Prompt - Please set down only the lines below starting with the line with "La plupart de" and going on through the line with "des bagages standards.", verbatim and without pictures.

Extracted records -
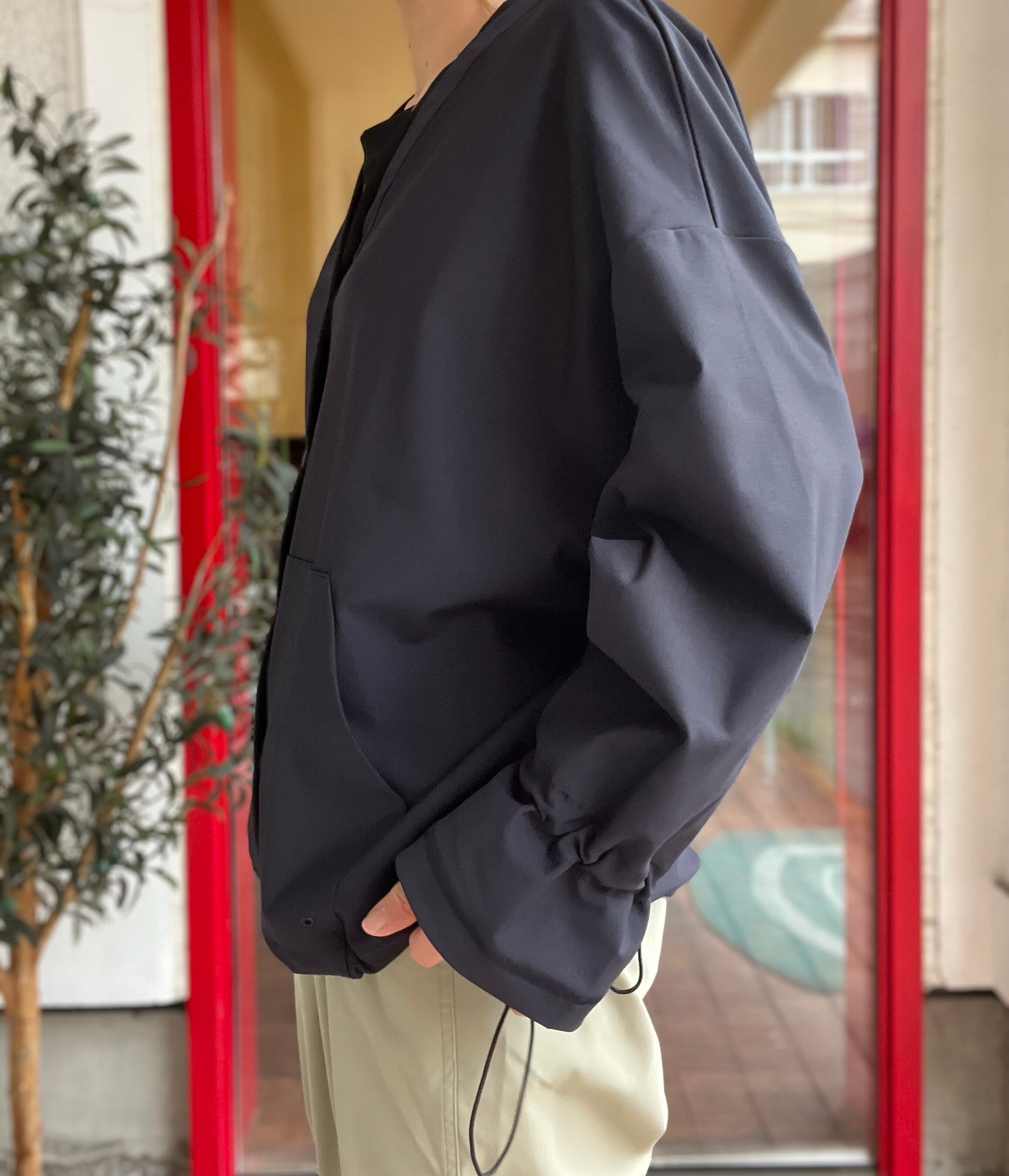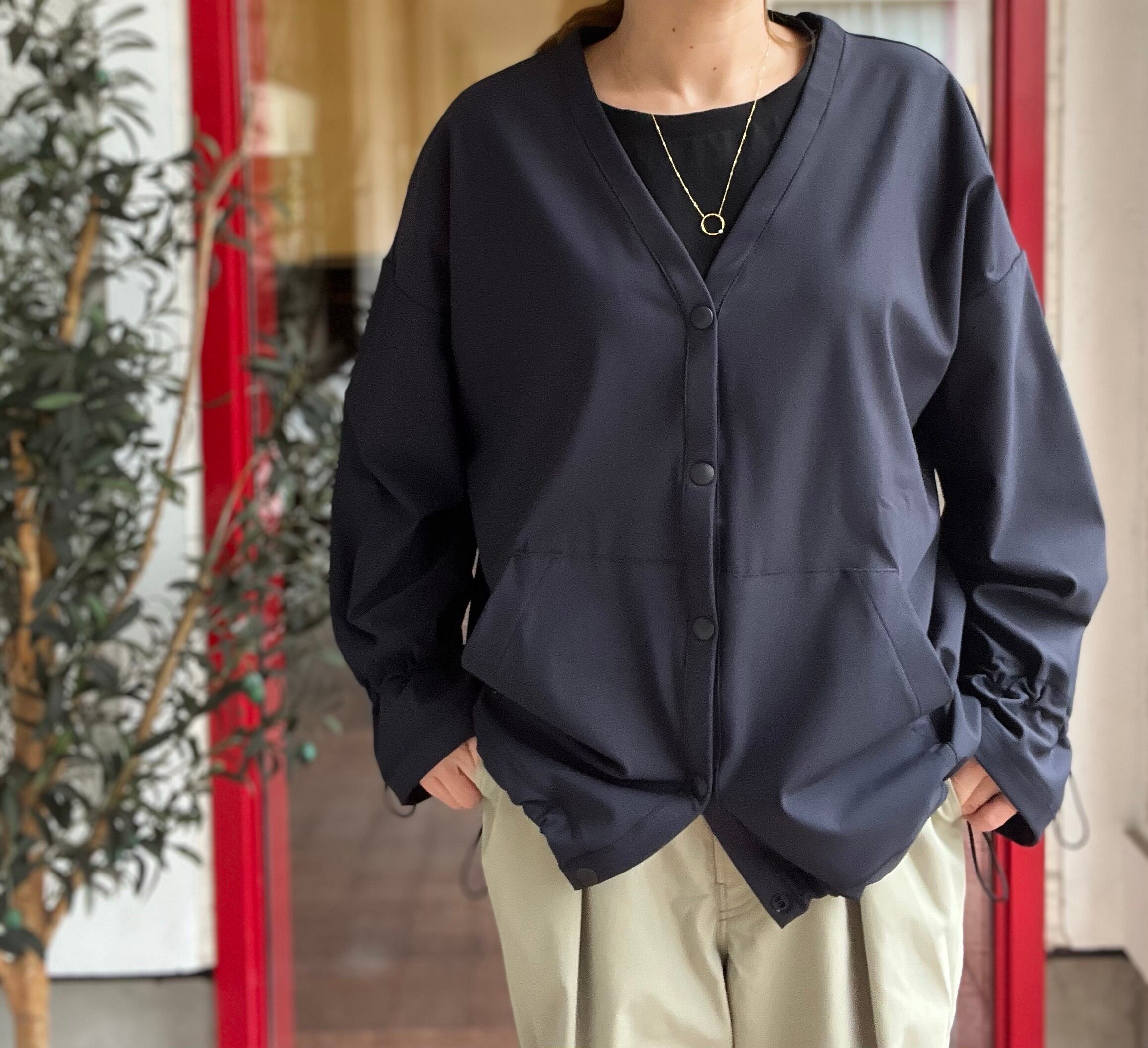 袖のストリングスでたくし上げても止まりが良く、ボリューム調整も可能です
==
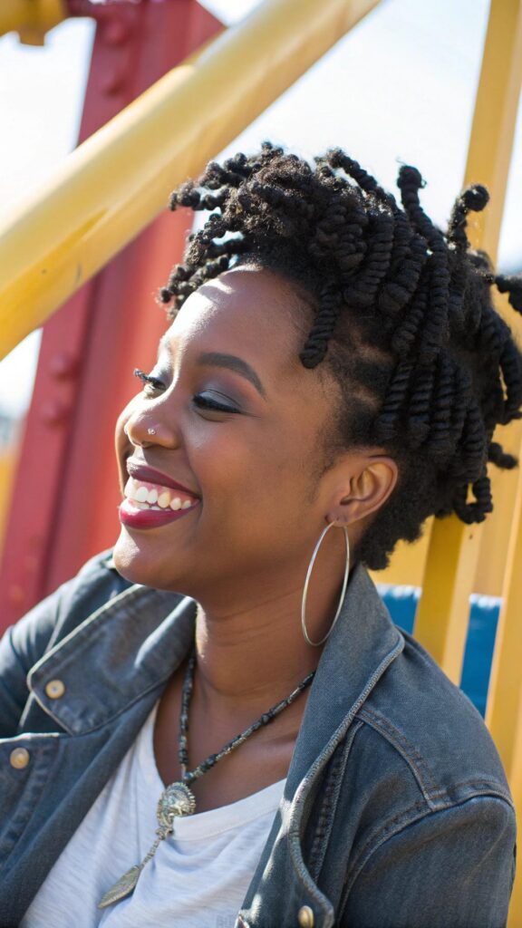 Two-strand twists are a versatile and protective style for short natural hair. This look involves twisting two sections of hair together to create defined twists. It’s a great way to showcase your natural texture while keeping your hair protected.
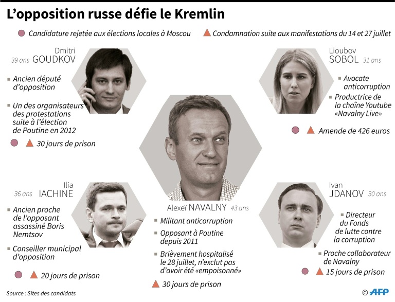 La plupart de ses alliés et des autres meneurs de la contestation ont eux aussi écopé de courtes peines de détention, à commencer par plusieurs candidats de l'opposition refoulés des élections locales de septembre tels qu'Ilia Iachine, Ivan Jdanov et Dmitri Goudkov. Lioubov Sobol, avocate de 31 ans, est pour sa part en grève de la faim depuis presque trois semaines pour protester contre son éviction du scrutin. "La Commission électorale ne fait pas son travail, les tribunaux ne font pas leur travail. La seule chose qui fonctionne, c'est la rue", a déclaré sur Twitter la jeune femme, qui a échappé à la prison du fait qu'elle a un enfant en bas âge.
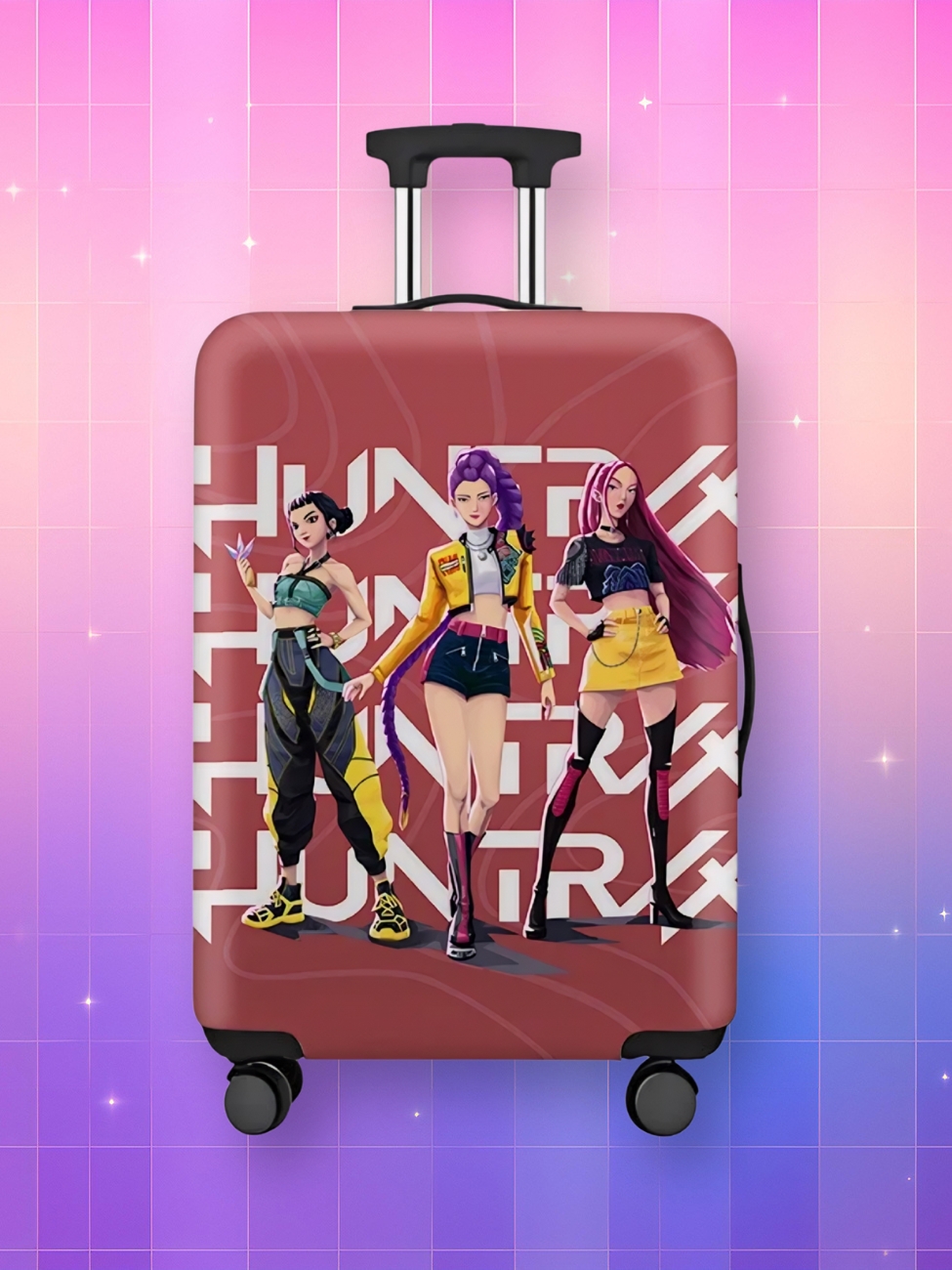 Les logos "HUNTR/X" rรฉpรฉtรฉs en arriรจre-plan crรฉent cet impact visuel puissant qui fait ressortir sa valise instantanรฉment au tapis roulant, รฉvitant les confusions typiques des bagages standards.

Answer area -
 La plupart de ses alliés et des autres meneurs de la contestation ont eux aussi écopé de courtes peines de détention, à commencer par plusieurs candidats de l'opposition refoulés des élections locales de septembre tels qu'Ilia Iachine, Ivan Jdanov et Dmitri Goudkov. Lioubov Sobol, avocate de 31 ans, est pour sa part en grève de la faim depuis presque trois semaines pour protester contre son éviction du scrutin. "La Commission électorale ne fait pas son travail, les tribunaux ne font pas leur travail. La seule chose qui fonctionne, c'est la rue", a déclaré sur Twitter la jeune femme, qui a échappé à la prison du fait qu'elle a un enfant en bas âge.
 Les logos "HUNTR/X" rรฉpรฉtรฉs en arriรจre-plan crรฉent cet impact visuel puissant qui fait ressortir sa valise instantanรฉment au tapis roulant, รฉvitant les confusions typiques des bagages standards.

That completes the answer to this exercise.